Cognitive and motor acts operate in sensorimotor integration (SMI) - harmonization and unification of sensory and motor processes on different levels of the nervous system that mainly contains convergence of neuronal impulses of the sensor system structures and centers motor system [3, 5]. It is known that reducing intervals between stimuli increases the rate of SR by maintaining an optimal level of SMI [5], while [6] shows the topological and functional dependency of sensorimotor reactions of multilateral and bilateral body parts.

Effectiveness of SR is an informative indicator of the functional state of the central nervous system, which enables its control, prediction and correction. RT indexes are used for assessment of the functional state in children [7], help to predict memory failures, cognitive and motor disabilities in older adults [8] and other diseases [9] that is especially important for drivers [10]. SR is also widely used for assessing the functional state of CNS in healthy people because the reaction speed is proportionate to locomotor activity of man [3].

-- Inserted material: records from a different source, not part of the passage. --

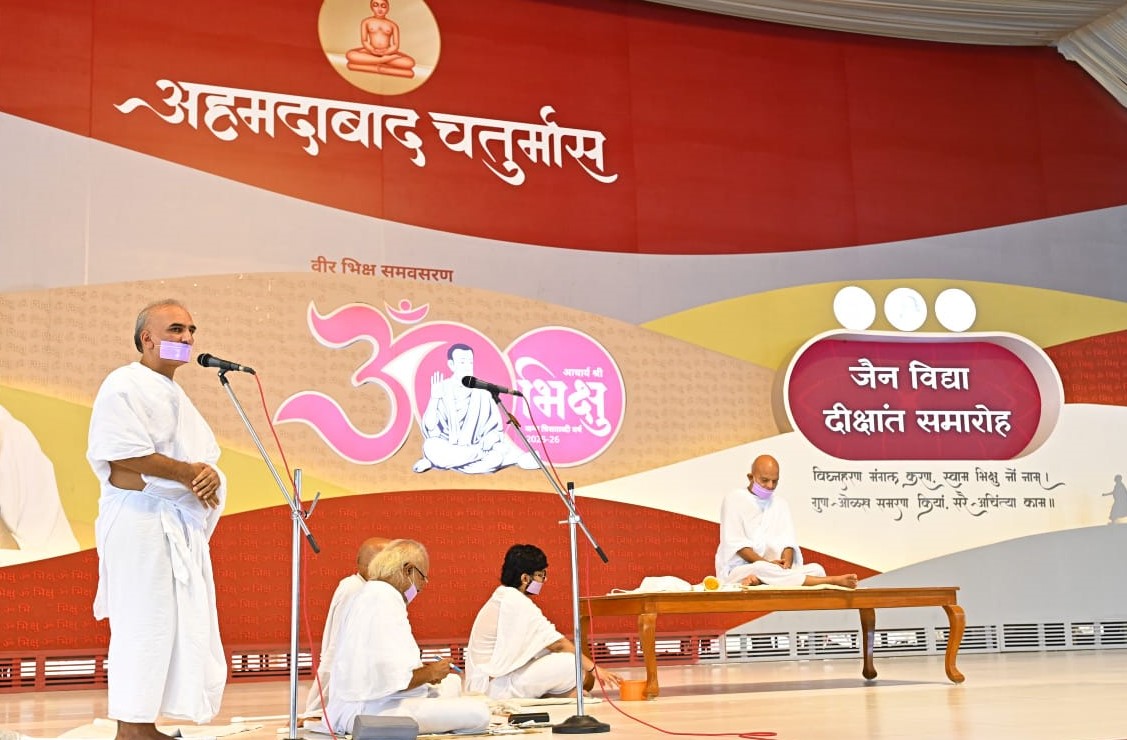गांधीनगर: जैन श्वेताम्बर तेरापंथ धर्मसंघ के ग्यारहवें अनुशास्ता, युगप्रधान, शांतिदूत आचार्यश्री महाश्रमणजी की मंगल सन्निधि में प्रतिदिन तेरापंथ समाज की अनेकानेक संस्थाओं के अधिवेशनों, समारोह व सम्मेलनों का क्रम निरंतर जारी है। मंगलवार को मुख्य मंगल प्रवचन कार्यक्रम में आचार्यश्री की मंगल सन्निधि में जैन विश्व भारती के तत्त्वावधान में समण संस्कृति संकाय द्वारा 25वें दीक्षांत समारोह का आयोजन किया।
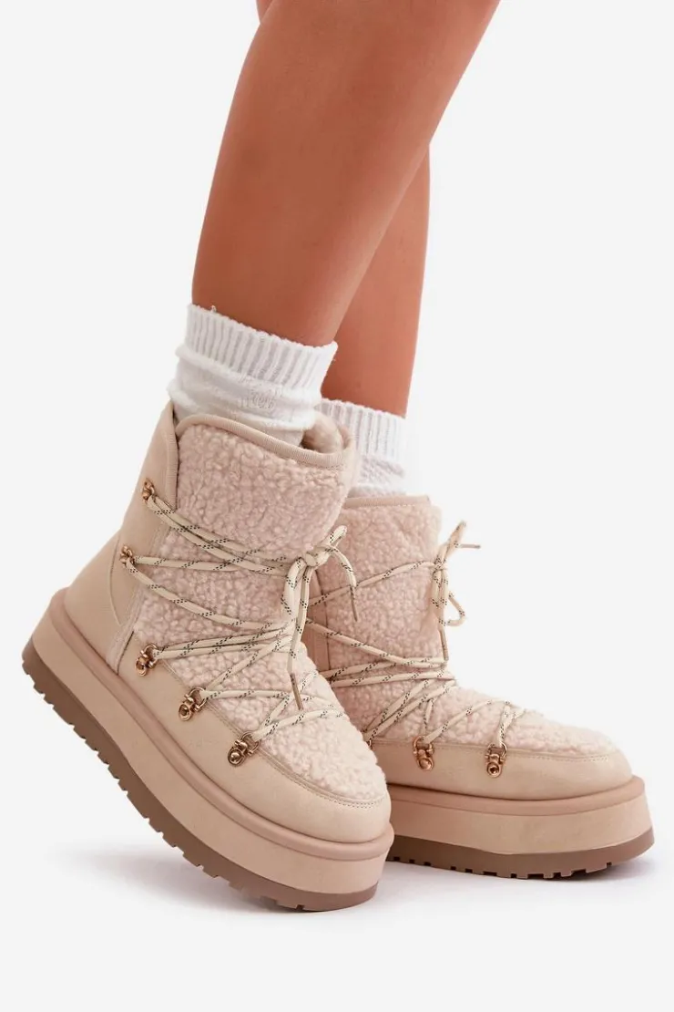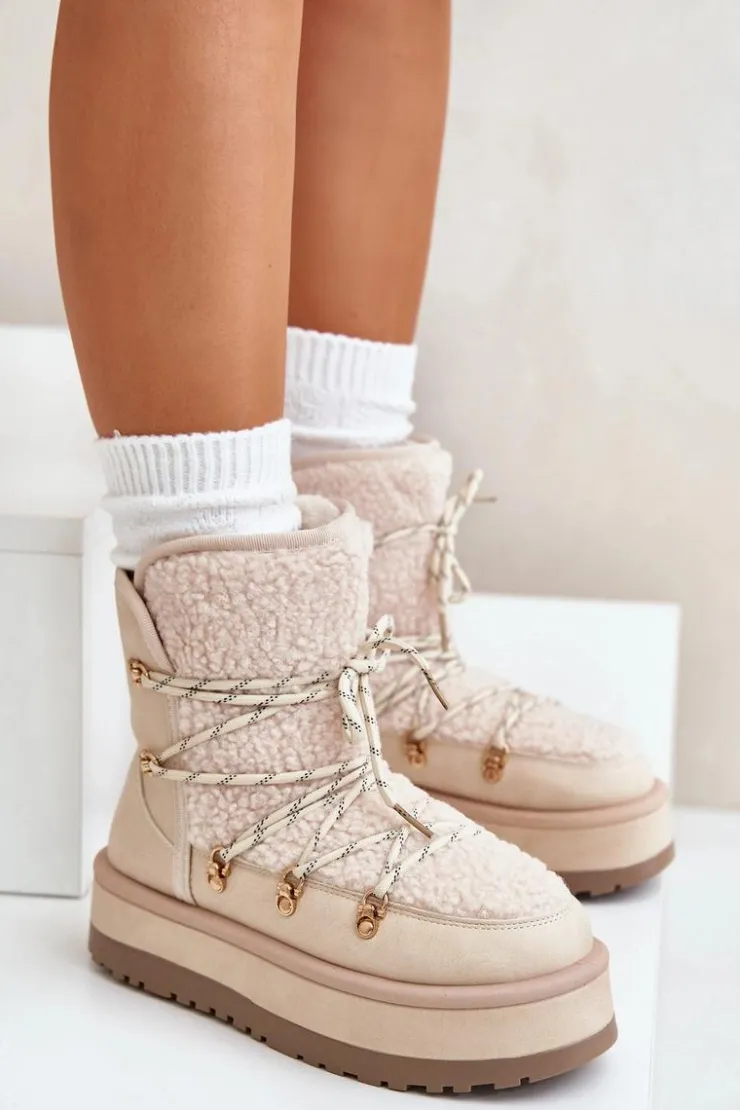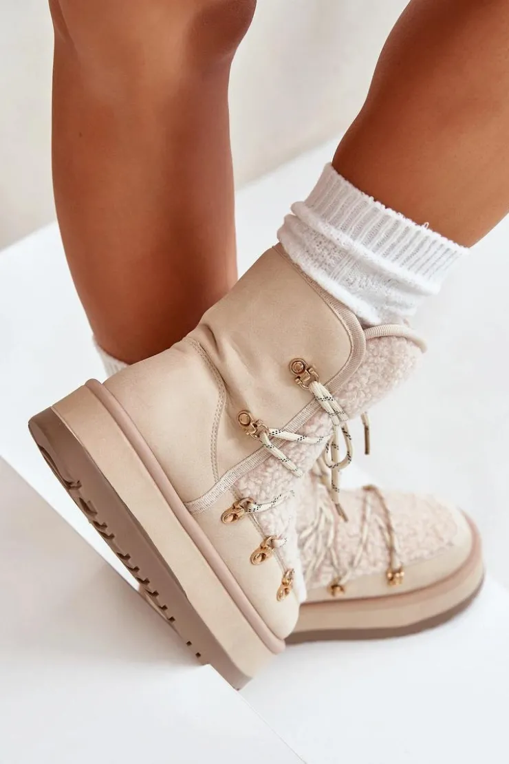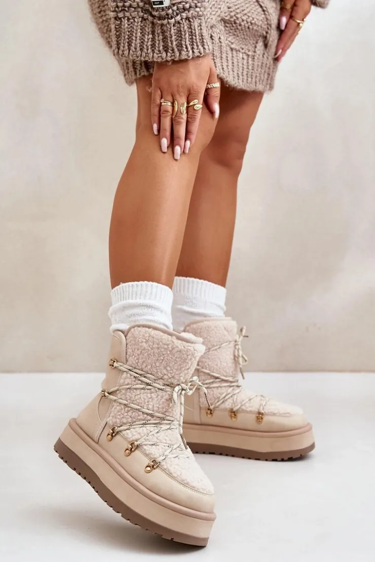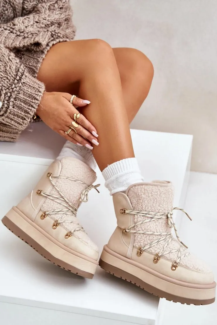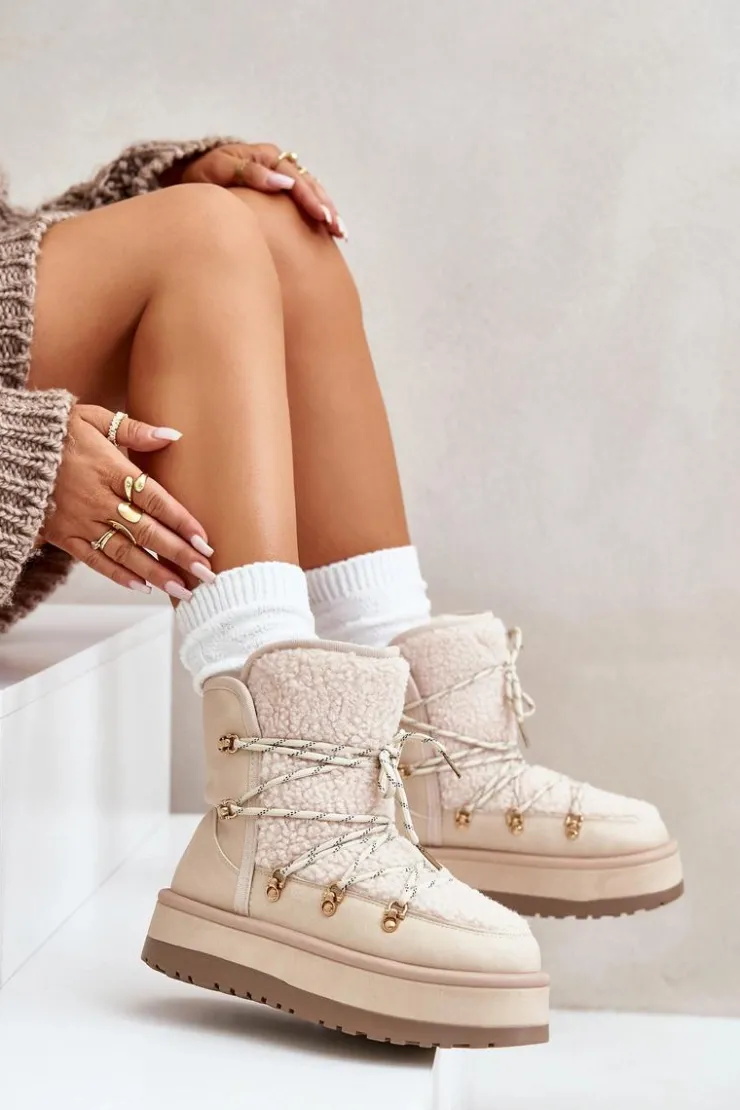 Damskie śniegowce na masywnej platformie, która doskonale odizoluje od zimnego podłoża. Środek ocieplony grubym futerkiem, co zapewni ciepło w mroźne dni. Cholewka z wiązaniem i syntetycznym kożuszkiem. Koniecznie powinnaś je mieć w swojej zimowej garderobie! Przy wyborze rozmiaru prosimy sugerować się tabelą rozmiarów.
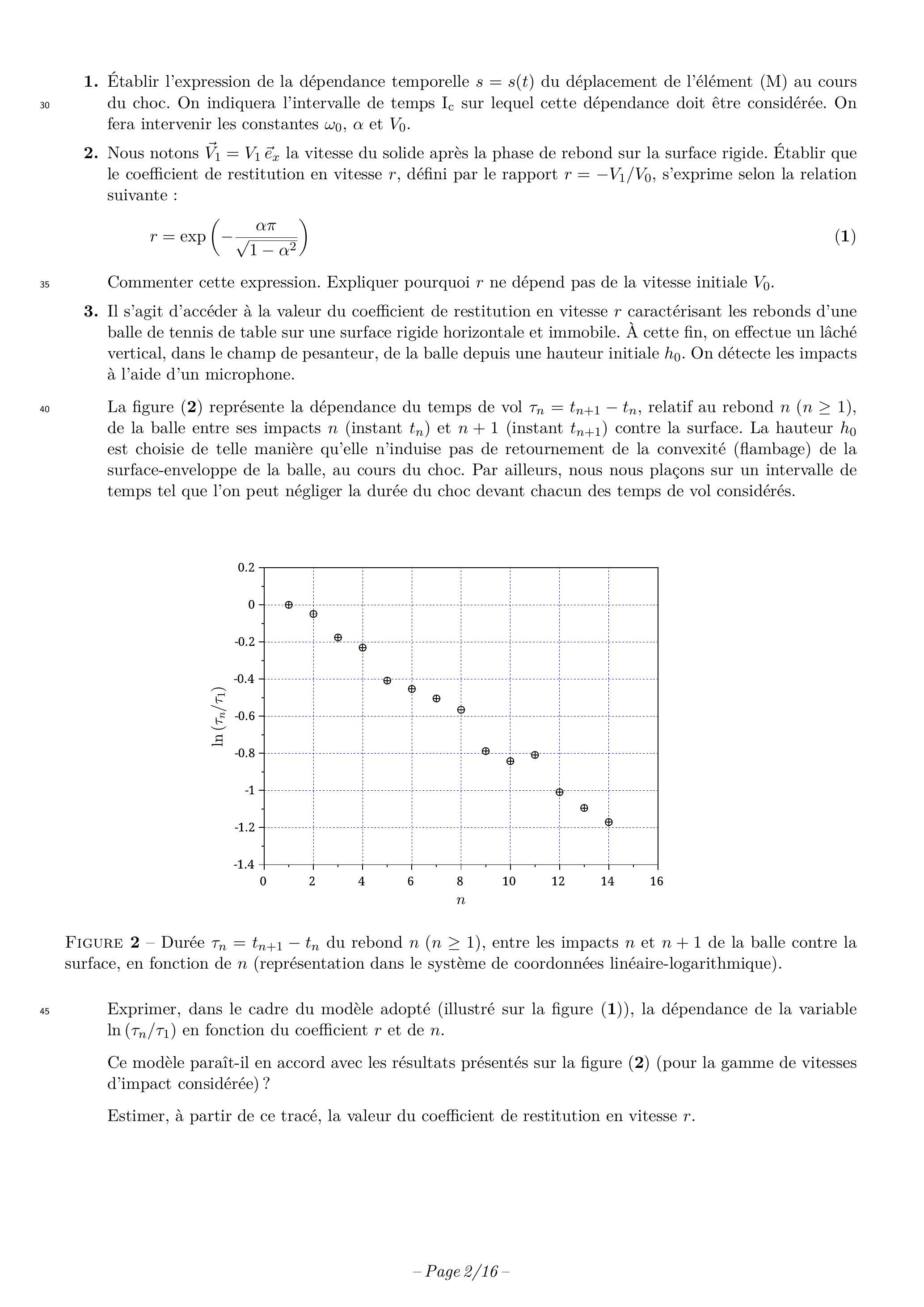 Estimer, à partir de ces données, la valeur du coefficient de restitution en vitesse . Afin de faciliter les calculs numériques, on tirera parti des indications suivantes : la valeur de est proche de l'unité et celle de proche de .

The diagnostics of CNS functional state using RT should be performed taking into account factors related of person activity approaching the real conditions and accordingly to significant signal modulation [11] as far as RT depends on emotional stress [3]. Such diagnistics includes playing typical conditions of professional activity during testing. It is important, for ezample, in sport training that requires correct evaluation of RT according to the tipe of sport activity [12]. That is why the need for improved methods of SR measurement exists [13].

The goal of this article is to develop parameter that assesses SR and indicates the level of sensorimotor integration of respondent's nervous system for the purposes of professional and sport selection. The components of a task are elaborating modified method of SR testing and SR study in experimental group of athletes.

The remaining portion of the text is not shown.